_REQUIRED WORK_.
Although the data below holds other lines too, output only those from the line with "- 1.5 hour charging" up to and including the line with "4コマ漫画でみんなのお世話役", exactly as they appear.

_SOURCE MATERIAL_.
━━━
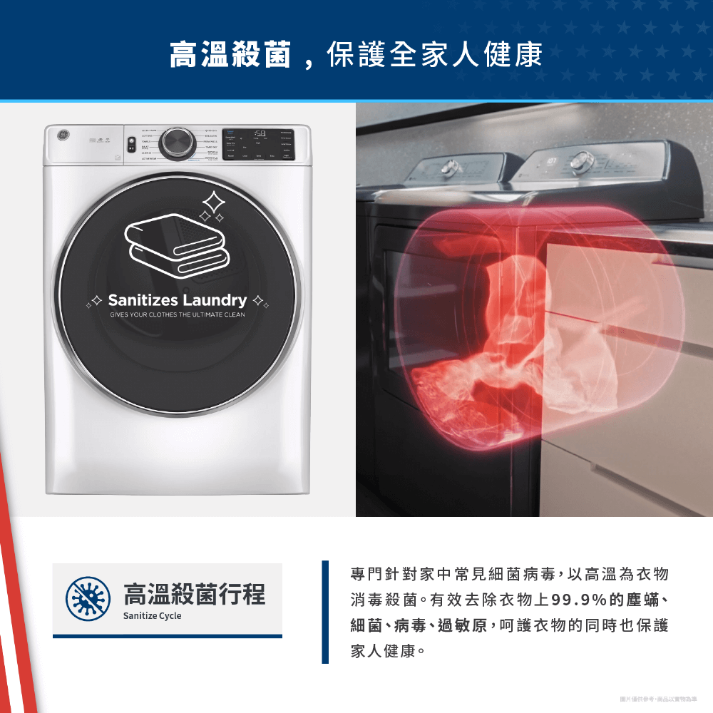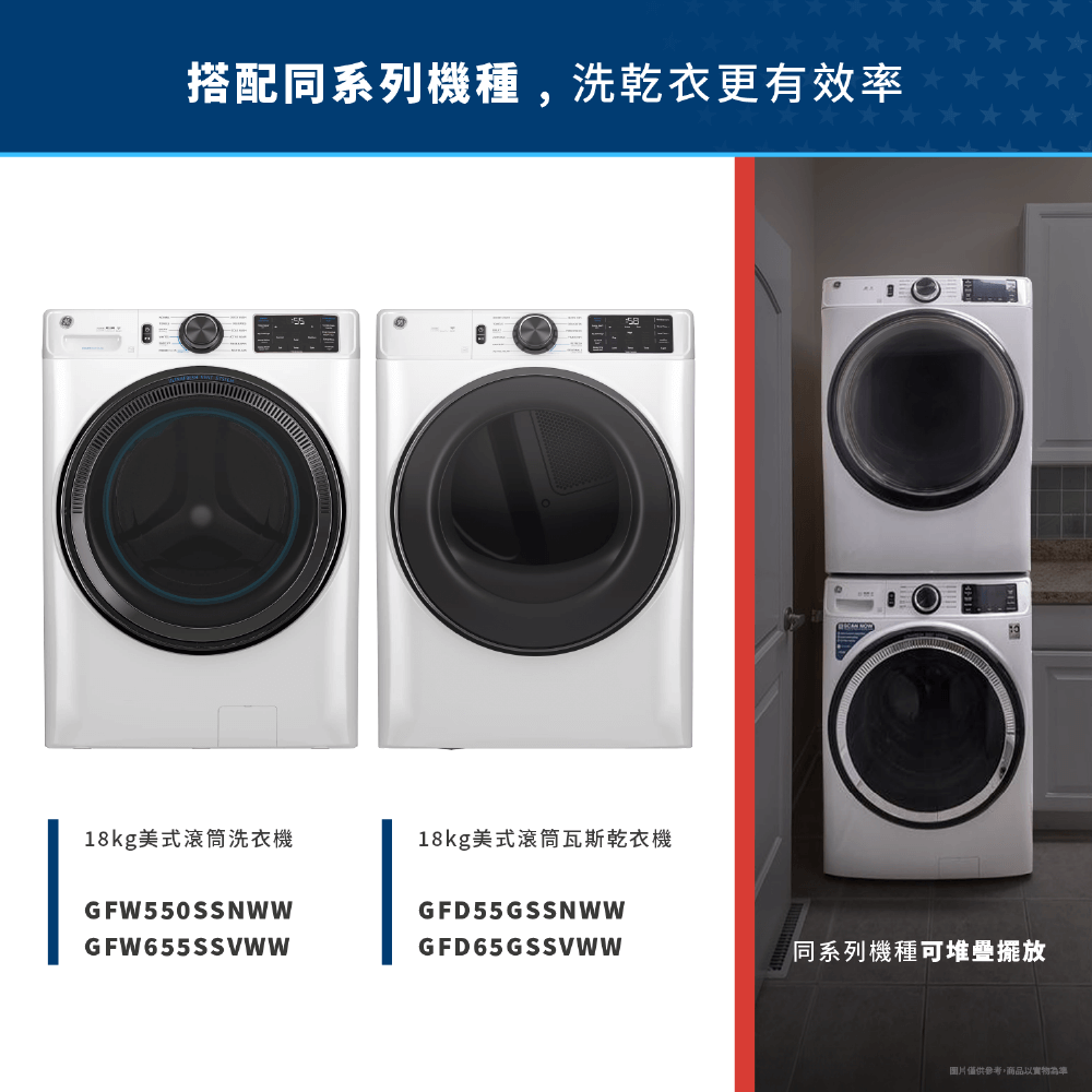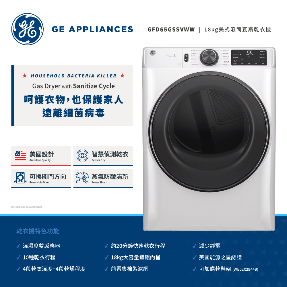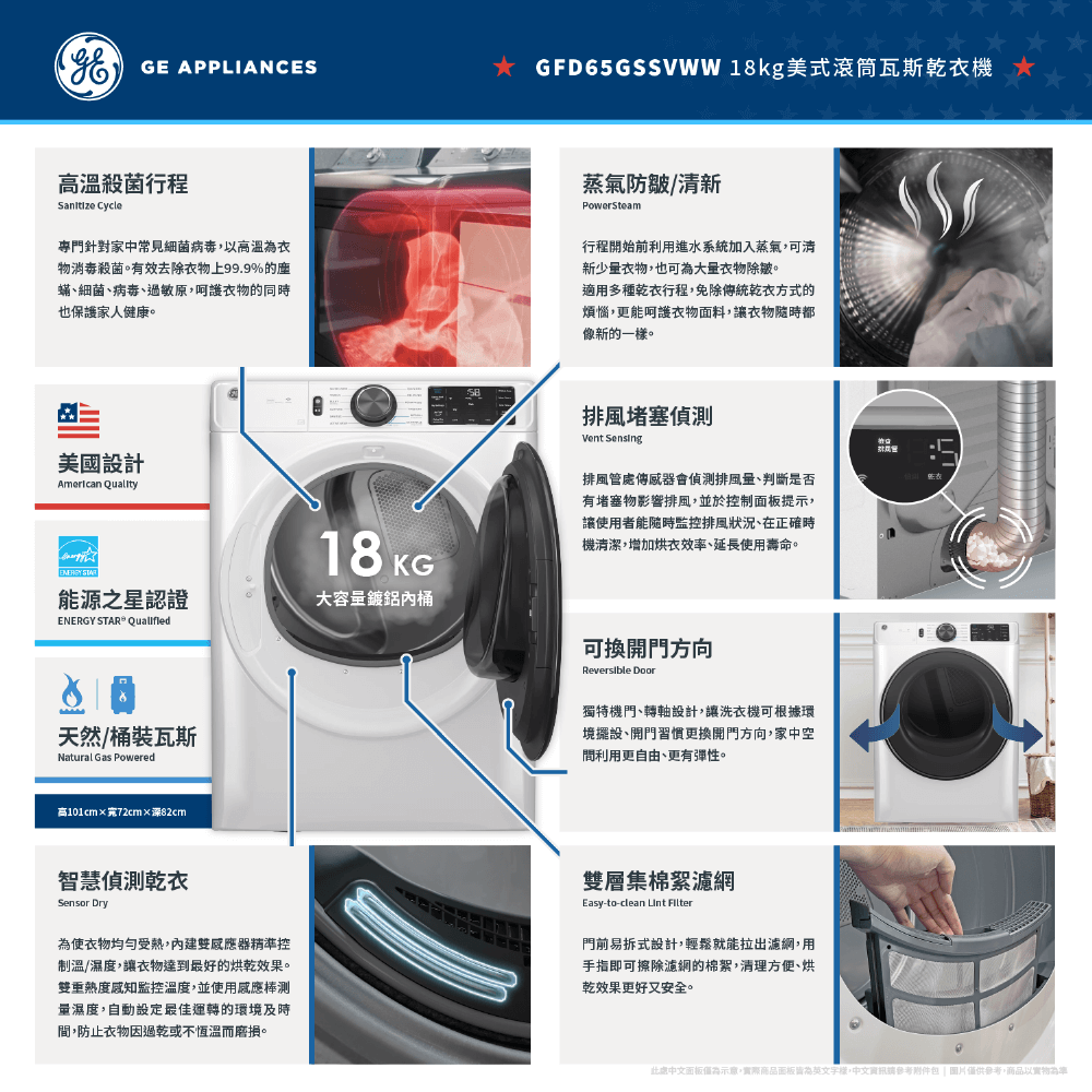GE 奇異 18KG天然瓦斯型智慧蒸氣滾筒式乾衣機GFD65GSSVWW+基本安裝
━━━
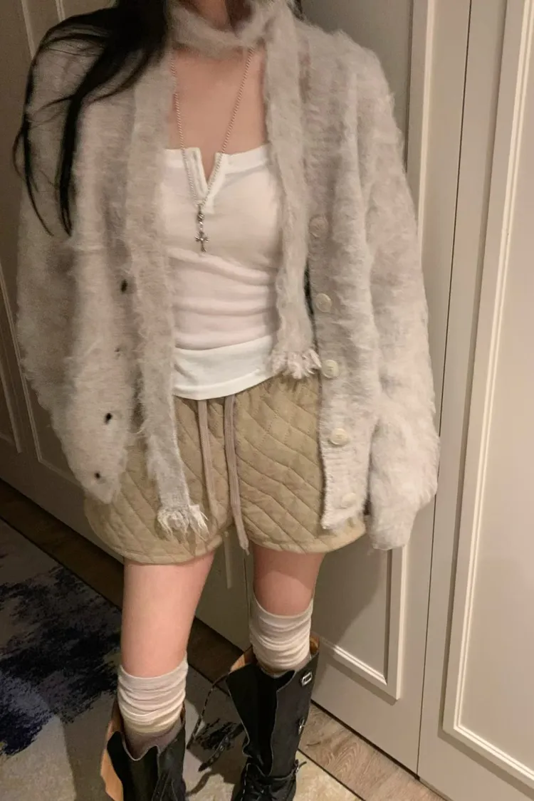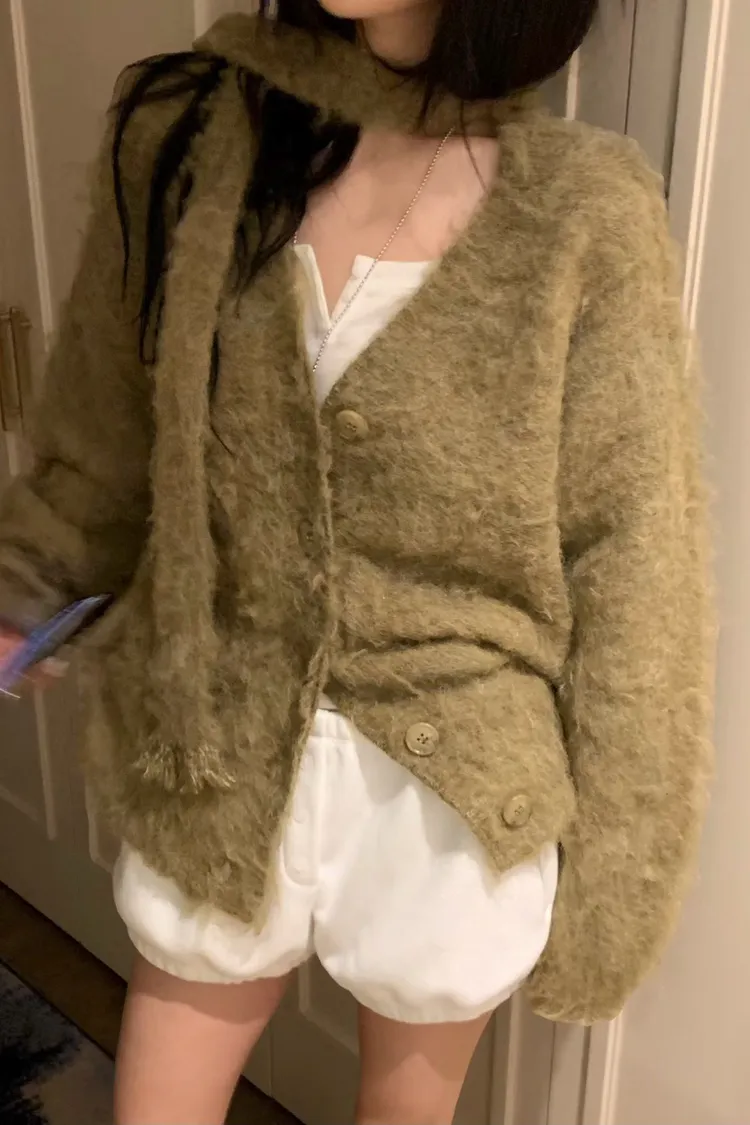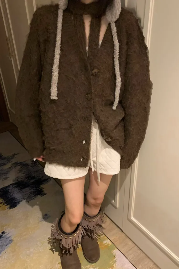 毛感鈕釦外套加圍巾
━━━
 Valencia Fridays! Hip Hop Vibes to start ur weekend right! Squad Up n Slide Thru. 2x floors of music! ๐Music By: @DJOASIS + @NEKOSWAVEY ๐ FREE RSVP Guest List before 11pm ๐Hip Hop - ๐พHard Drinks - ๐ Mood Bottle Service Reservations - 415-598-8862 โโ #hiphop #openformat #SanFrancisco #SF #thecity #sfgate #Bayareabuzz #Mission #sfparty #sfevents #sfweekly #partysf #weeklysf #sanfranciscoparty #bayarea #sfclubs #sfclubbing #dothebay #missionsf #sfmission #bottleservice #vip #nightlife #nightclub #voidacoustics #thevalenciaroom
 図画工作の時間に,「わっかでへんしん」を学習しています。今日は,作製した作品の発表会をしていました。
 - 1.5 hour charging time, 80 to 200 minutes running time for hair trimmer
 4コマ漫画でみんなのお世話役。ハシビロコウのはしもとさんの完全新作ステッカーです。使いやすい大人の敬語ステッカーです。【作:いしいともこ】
━━━
_RESPONSE BOX_.
 - 1.5 hour charging time, 80 to 200 minutes running time for hair trimmer
 4コマ漫画でみんなのお世話役。ハシビロコウのはしもとさんの完全新作ステッカーです。使いやすい大人の敬語ステッカーです。【作:いしいともこ】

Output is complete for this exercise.